As if a coronation were in progress. From under the bed, he couldn’t work out what side the doctor was on. Was he with the assailants or agin them? And what was his mother doing, standing idly by? He would show them! But just as he was about to make himself known, a new cry joined the fray. Thin, feline, maligned. The doctor rushed from the room
bearing
the cry away – was he a ventriloquist? – with his mother following hot on his heels. He could see the pattern of their feet beneath the satin hem of the blankets. Gingerly he edged out from his cave, then knelt, peering up over the parapet of the high-built bed. Bella lay there, head averted, eyes closed,
her hair a matted nest. Her nightie had been rent above. Her breast showed, cupped in lace trim. The shift’s nether end was swaddled round her thighs; the sheets were bloodied. What had they done to her? He backed away from the bed. Oh Bella! Was she dead? He felt the weight of every mean thought he had held against her, as if his thoughts had had the power to kill. At the threshold he reversed into his mother, bustling her way in.

‘Where have you been?’ she demanded, thinking he had come in from the street. ‘Run along now, there’s nothing here a boy should see.’

‘Is Bella alright?’ he asked, heart in his mouth.

‘Bella,’ she said, ‘has made her bed.’

‘Is she dead?’

‘Don’t talk nonsense, child, of course she’s not dead. She’s just had a baby, is all.’

The first he knew.

Baby Susan was a full three months old before the Bugler got his furlough. Bella was determined to meet him off the HMS
Violet
due at the North Wall.

‘His first sight of home should be his wife and child,’ she declared.

‘Can I come?’ he asked.

‘Well, I don’t know,’ Bella said, ‘not if you’re going to behave the way you did in Bray, all sullen and sulky when Nick was
only being nice to you.’

He coloured at the injustice of the accusation. Wasn’t it Bella who had behaved badly, carrying on with ‘her Nick’? But he wanted to see the spectacle of a big ship coming in to dock and the drama of someone he knew disembarking, even if it was only the Bugler Beaver.

‘Well?’ Bella demanded.

‘I’ll keep an eye on the babby for you,’ he said but he would make no pledges as regards the Bugler.

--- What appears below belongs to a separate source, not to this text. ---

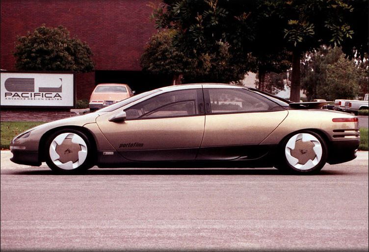 Un año antes, en 1986, Kevin Verduyn dibujó durante un estudio de aerodinámica interna las líneas de un concepto de sedán de cuatro plazas llamado Navajo. El proyecto nunca pasó de la fase de modelo de arcilla, pero en 1987, Bob Lutz, vicepresidente ejecutivo de Chrysler de aquella época, reconoció su potencial. Justo después nació el Portofino, que fue presentado en ese año en el Salón de Frankfurt.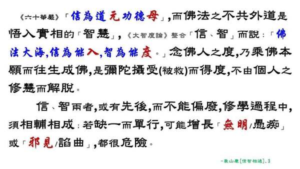 [2] 《涅槃經》卷36:「若人信心無有智慧,是人則能增長無明;若有智慧無有信心,是人則能增長邪見。」《大毘婆沙論》卷6:「無信之慧增長諂曲。……無慧之信增長愚癡。」《大智度論》亦云:「有信無智增長愚痴,有智無信增加邪見。」徹悟禪師<般若/淨土.兩門-大義>

It was like her wedding day again, with all the preparations she went in for. Would she wear her white calico blouse with the lace trim, or her brown dimity skirt? Her best linen petticoat, certainly, and her good paisley shawl and her
wedding
hat, with the feather. For luck, she said. The hat was like a remnant crown, for the rest of Bella was strange to him now. Once he had come upon her and was aghast to see the baby’s greedy mouth grazing against his sister’s teat, red-raw and flayed looking. How had she become this farmyard
creature
, more animal than woman? He blamed the Bugler; this was
his
doing.

It was a humid July day and the streets seemed clamorous and full of threat.

‘Will Nick recognise me, do you think?’ Bella asked as the
Violet
came into view, belching a black cloud. It was a curious question. Why wouldn’t the Bugler recognise her?

‘Absence can wither what was once fair,’ she said, answering
her own question.

A crowd had gathered on the cobbled quay. A bustling crew of hectoring painted women.

‘Gladnecks all,’ Bella muttered, ‘on the lookout for an officer.’

There was a couple of rough-looking men, brawny sailor types with bulging arms who lumbered about officiously
pushing
the women back and clipping the ears of urchins who looked intent on picking pockets. Bella clutched Susan tighter to her bosom, all of a jitter. Echoing her fright, little Susan woke and set up an awful racket, waving her fists in the air, her face screwed up in rancorous distaste, bawling all the while. The ship’s claxon wailed and the avaricious throng of women surged forward, as the gangplank was laid down. Bella was so taken up trying to hush Susan that the Bugler came upon them unawares, Bella in preoccupied disarray and the baby overwrought.